[Information supplied — start]
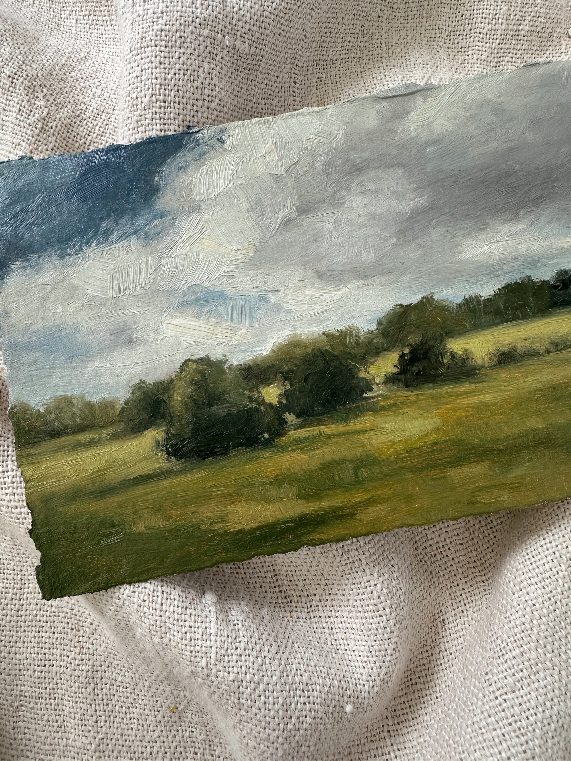 “Summer Sky” Original oil painting on handmade paper with deckled edging will be varnished and signed on the back once dry. Roughly A5 measurements due to the handmade nature of the paper (5.8” x 8.2”)
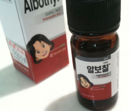 알보칠은 강한 산성을 띠고 있습니다. 그래서 극심한 통증을 동반하는 것이 단점이기는 하지만 바르고 나면 바로 효과가
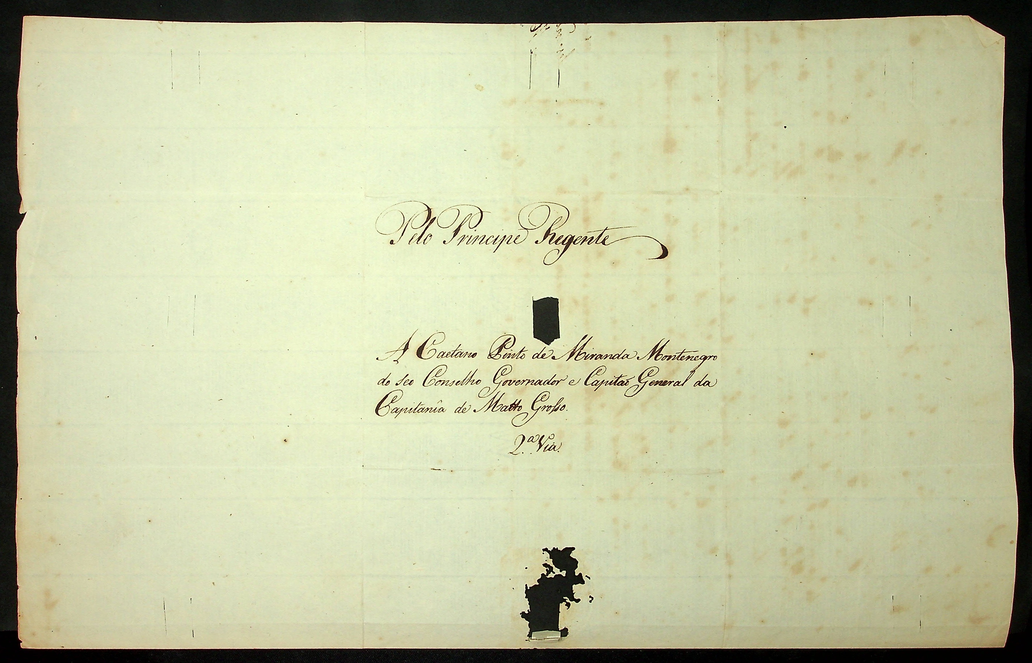 CARTA RÉGIA do Príncipe [D. João] ao Governador e Capitão-General da Capitania de Mato Grosso Caetano Pinto de Miranda e Montenegro.
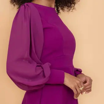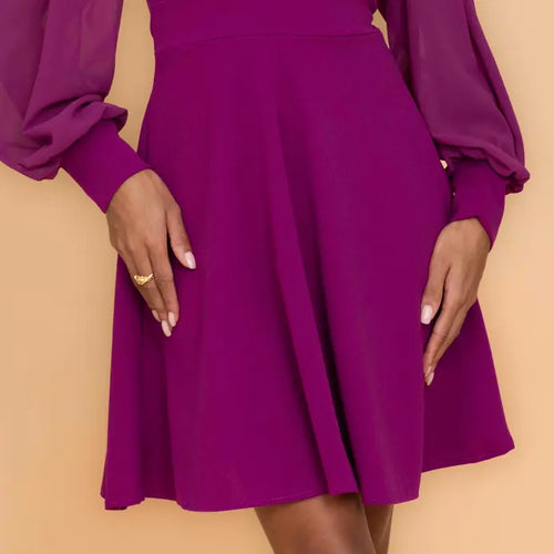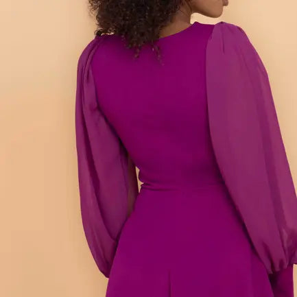 A true occasionwear staple, KAT is feminine with timeless appeal. In a striking plum shade with sleeves crafted from our premium chiffon, this dress is made for those events that just call for a touch of drama. In a skater dress style with floaty, long sleeves, she’s a classic mini dress with a twist. From day drinks to date nights, in KAT, you’ll always exude elegance.
[Information supplied — finish]
_Problem description_
Look above for the line holding "알보칠은 강한 산성을" and output everything from it down to the line holding "CARTA RÉGIA do", both ends included, exactly and without images.

_Written response_
 알보칠은 강한 산성을 띠고 있습니다. 그래서 극심한 통증을 동반하는 것이 단점이기는 하지만 바르고 나면 바로 효과가
 CARTA RÉGIA do Príncipe [D. João] ao Governador e Capitão-General da Capitania de Mato Grosso Caetano Pinto de Miranda e Montenegro.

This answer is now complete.